Thoughts only of her relatives accompany Guerra. She thinks of how her brothers and sister will react, having already lost many family members to cancer. Sometimes she can't sleep, out of the habit of having her daughter sleeping next to her.

"I need her," she said.
The Post editorialized today on this news.

The United States has always set aside provisions within its immigration policy to allow refuge or entry into the country for extraordinary cases of suffering or oppression.

The federal government has wide discretion to grant emergency visas to foreigners with compelling stories. Unfortunately, too often the discretion is poorly applied or lost in bureaucratic red tape. Deserving requests get rejected or ignored.

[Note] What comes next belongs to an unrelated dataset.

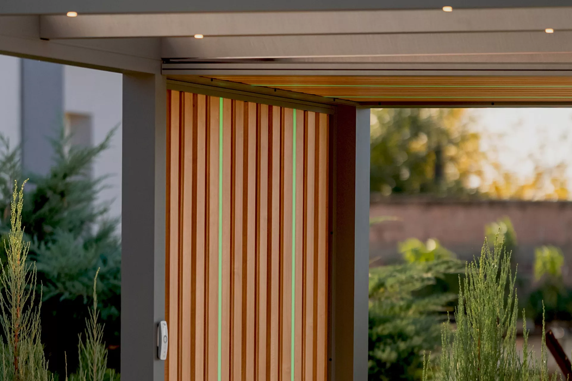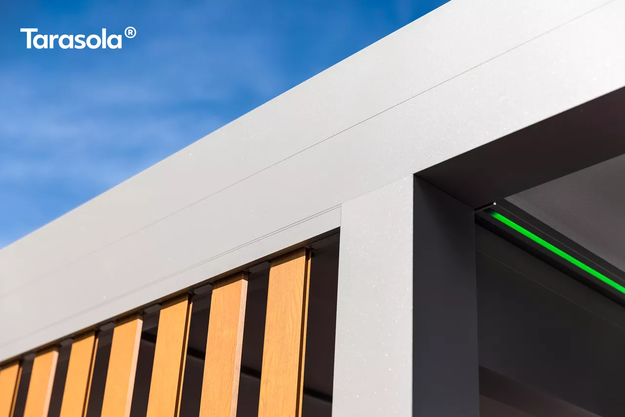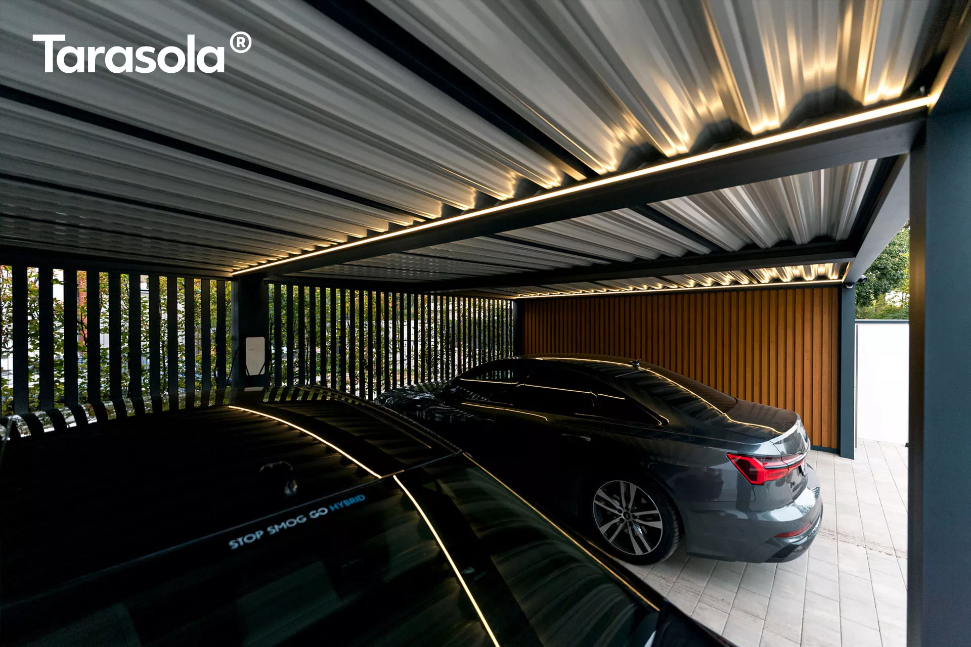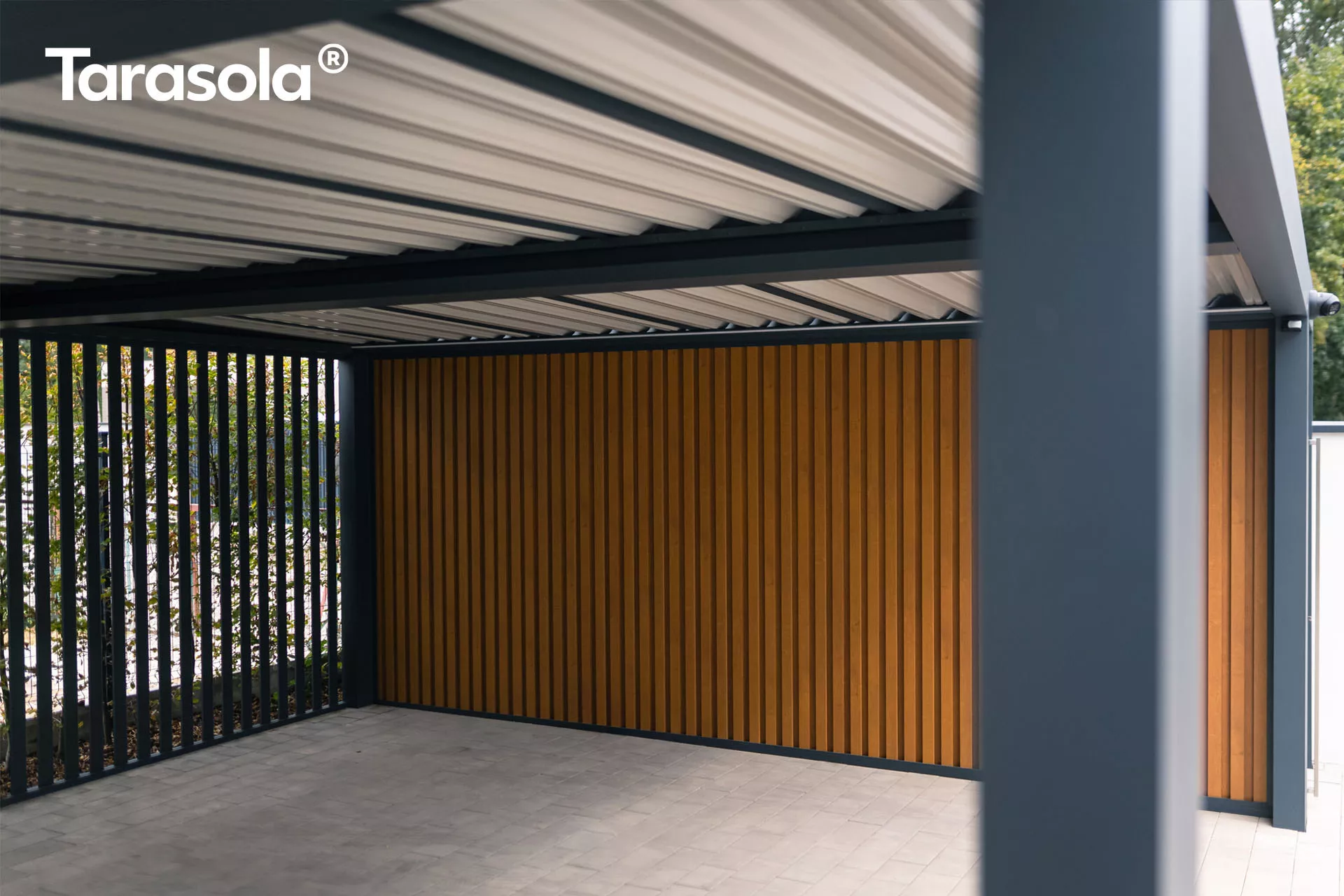 Opcjonalnie można zamówić dolny dach z estetycznej tkaniny z możliwością montażu oświetlenia LED, a także zabudowę boczną, jak rolety czy przeszklenia, które zwiększają funkcjonalność i ochronę.

Zoila Guerra shouldn't be one of those. The 44-year-old Peruvian woman is dying of cervical cancer and receiving treatment at Boca Raton Community Hospital. What could be Ms. Guerra's last wish is to see her daughter Claudia Torres, who lives in Lima, Peru. Ms. Torres has bought a Christmas Eve plane ticket to come to Florida, but the government is denying her visa request to enter the country. A State Department spokesman says the main obstacle is convincing federal officials that Ms. Torres does not intend to stay here, though she has stipulated she does not.

Dr. Tim Williams, who has been treating Ms. Guerra for free, has it right: "This whole country is built on compassion, but we don't even seem to be getting any consideration." A nation that always has valued generosity should allow a dying woman to spend her last holidays with her daughter. It's more than discretion; it's our tradition.
Bottom line- I agree with the Post. The embassy in Peru should issue an emergency visa to Claudia Torres. Its time for some humanity rather than robotic 'we following the rules' reactions from our the State Department. Screw the rules.